**Task directions:** Return all of the data below verbatim and exclude every picture.

-- Excerpted records follows --

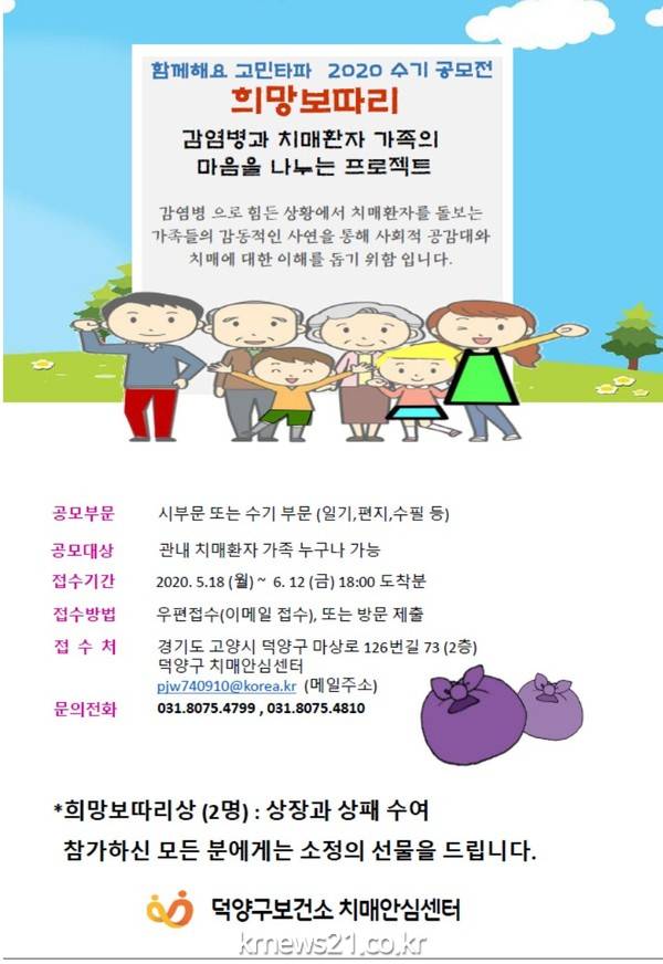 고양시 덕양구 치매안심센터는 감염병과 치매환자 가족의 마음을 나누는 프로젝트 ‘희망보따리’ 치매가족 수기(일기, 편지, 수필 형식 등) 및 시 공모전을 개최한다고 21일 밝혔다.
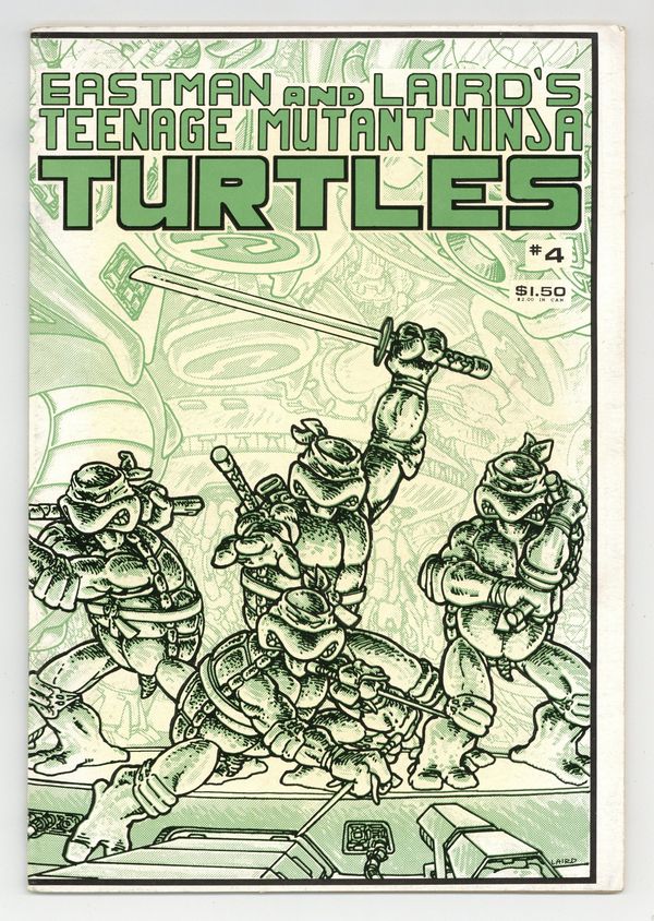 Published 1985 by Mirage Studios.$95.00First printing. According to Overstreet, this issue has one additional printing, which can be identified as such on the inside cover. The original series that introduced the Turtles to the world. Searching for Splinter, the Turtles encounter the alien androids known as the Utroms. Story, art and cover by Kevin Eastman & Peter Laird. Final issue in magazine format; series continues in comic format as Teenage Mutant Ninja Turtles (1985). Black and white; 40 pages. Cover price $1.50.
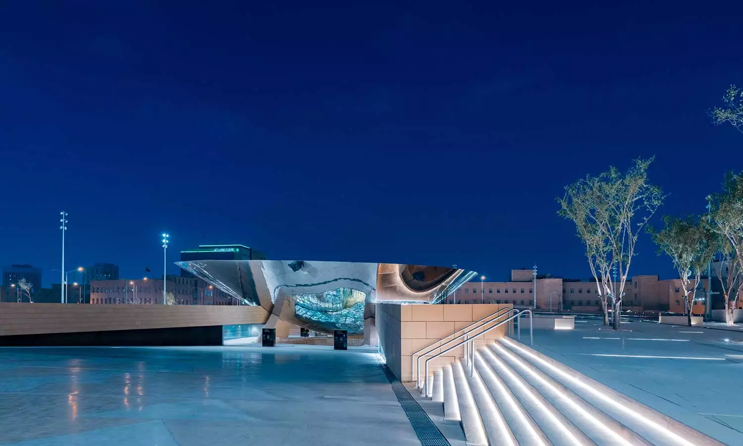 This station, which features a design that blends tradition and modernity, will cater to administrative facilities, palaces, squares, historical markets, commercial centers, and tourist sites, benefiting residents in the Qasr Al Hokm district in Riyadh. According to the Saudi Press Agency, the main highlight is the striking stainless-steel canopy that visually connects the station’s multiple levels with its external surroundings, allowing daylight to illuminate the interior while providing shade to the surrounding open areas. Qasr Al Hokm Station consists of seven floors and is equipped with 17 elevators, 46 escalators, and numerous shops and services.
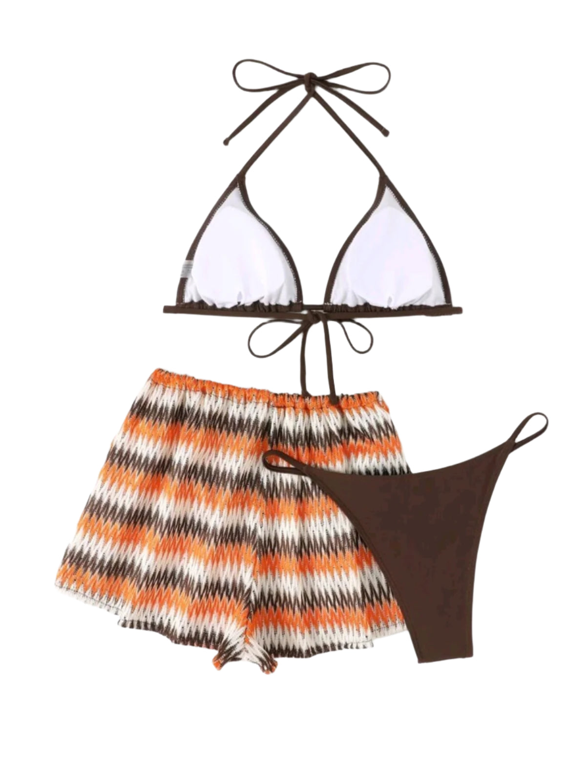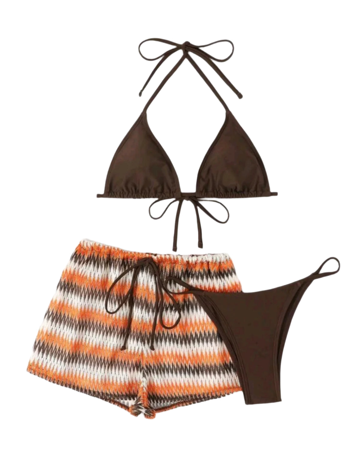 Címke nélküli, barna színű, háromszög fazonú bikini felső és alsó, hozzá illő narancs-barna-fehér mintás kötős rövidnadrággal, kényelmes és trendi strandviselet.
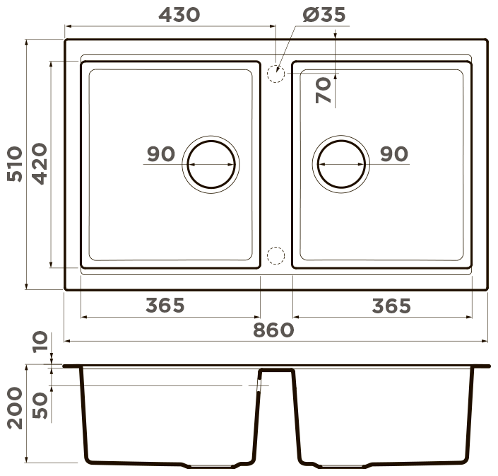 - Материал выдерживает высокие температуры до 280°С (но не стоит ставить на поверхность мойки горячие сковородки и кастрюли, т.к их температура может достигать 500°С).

-- Excerpted records concluded --

**Written solution:**
 고양시 덕양구 치매안심센터는 감염병과 치매환자 가족의 마음을 나누는 프로젝트 ‘희망보따리’ 치매가족 수기(일기, 편지, 수필 형식 등) 및 시 공모전을 개최한다고 21일 밝혔다.
 Published 1985 by Mirage Studios.$95.00First printing. According to Overstreet, this issue has one additional printing, which can be identified as such on the inside cover. The original series that introduced the Turtles to the world. Searching for Splinter, the Turtles encounter the alien androids known as the Utroms. Story, art and cover by Kevin Eastman & Peter Laird. Final issue in magazine format; series continues in comic format as Teenage Mutant Ninja Turtles (1985). Black and white; 40 pages. Cover price $1.50.
 This station, which features a design that blends tradition and modernity, will cater to administrative facilities, palaces, squares, historical markets, commercial centers, and tourist sites, benefiting residents in the Qasr Al Hokm district in Riyadh. According to the Saudi Press Agency, the main highlight is the striking stainless-steel canopy that visually connects the station’s multiple levels with its external surroundings, allowing daylight to illuminate the interior while providing shade to the surrounding open areas. Qasr Al Hokm Station consists of seven floors and is equipped with 17 elevators, 46 escalators, and numerous shops and services.
 Címke nélküli, barna színű, háromszög fazonú bikini felső és alsó, hozzá illő narancs-barna-fehér mintás kötős rövidnadrággal, kényelmes és trendi strandviselet.
 - Материал выдерживает высокие температуры до 280°С (но не стоит ставить на поверхность мойки горячие сковородки и кастрюли, т.к их температура может достигать 500°С).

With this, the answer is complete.